Scientists have just mapped the entire genome of hundreds of varieties of tomatoes and identified the genetic traits that make them delicious. This means Tomato breeders can use this map to create tomatoes that have the original, rich flavor that many commercial varieties lack.

According to a report from The Verge, tomato breeders have been focused on quality rather than quantity. Yield, disease resistance and firmness have been put into importance while putting flavor on the sidelines. 

The new map, which contains around 398 tomato varieties, will prove useful to breeders in order to retain the tomatoes' original flavor even to those sold in grocery stores.

The study, published in the journal Science, involved conducting a test survey among consumers. Using 160 tomato samples (ranging from cherry to heirloom tomatoes), the researchers asked the participants which of the samples they favored the most, determining which tomato variant was mostly associated with a specific taste and aroma.
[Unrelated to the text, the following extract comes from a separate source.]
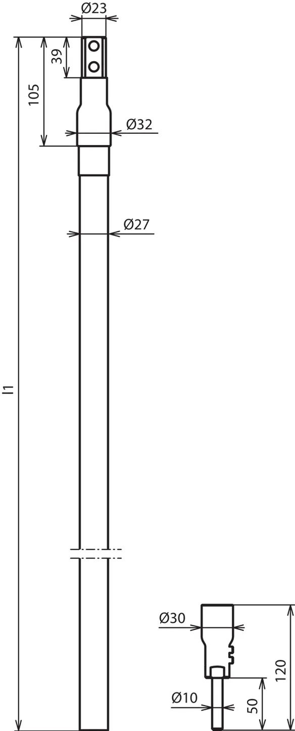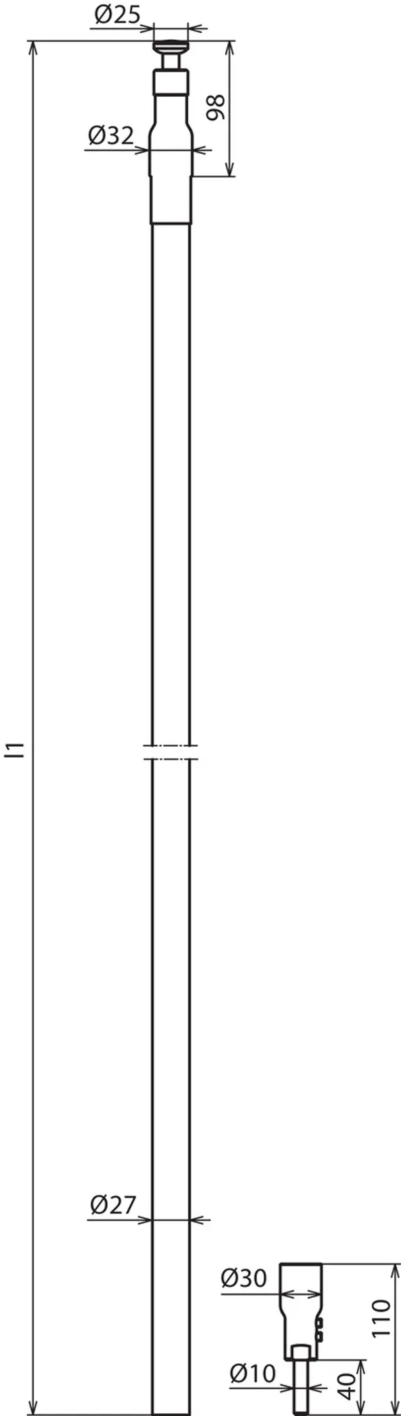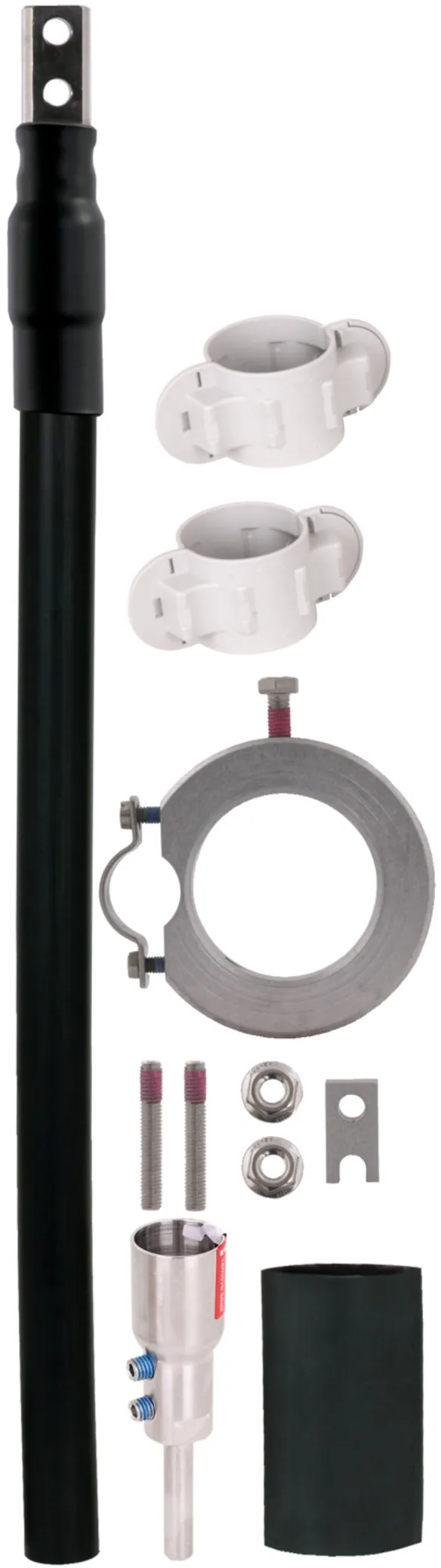 Kit de raccordement du conducteur HVI power aux tubes support HVI power PRV / Al comprenant des tiges filetées, une pièce de raccordement, une gaine thermorétractable et une bague de fixation avec un support de conducteur fendu (Ø27 mm) pour la terminaison (serre-conducteurs inclus).

The researchers also analyzed various qualities such as the sugars, acids and aroma compounds.

The tomato plays an important role in the history of genetically modified crops. It was the transgenic produce to be made available in the market in 1994 (called Flavr Savr tomato), but was eventually pulled off the shelves.

Meanwhile, a previous study also said that storing tomatoes in the fridge drains the flavor from it,  Gizmodo notes.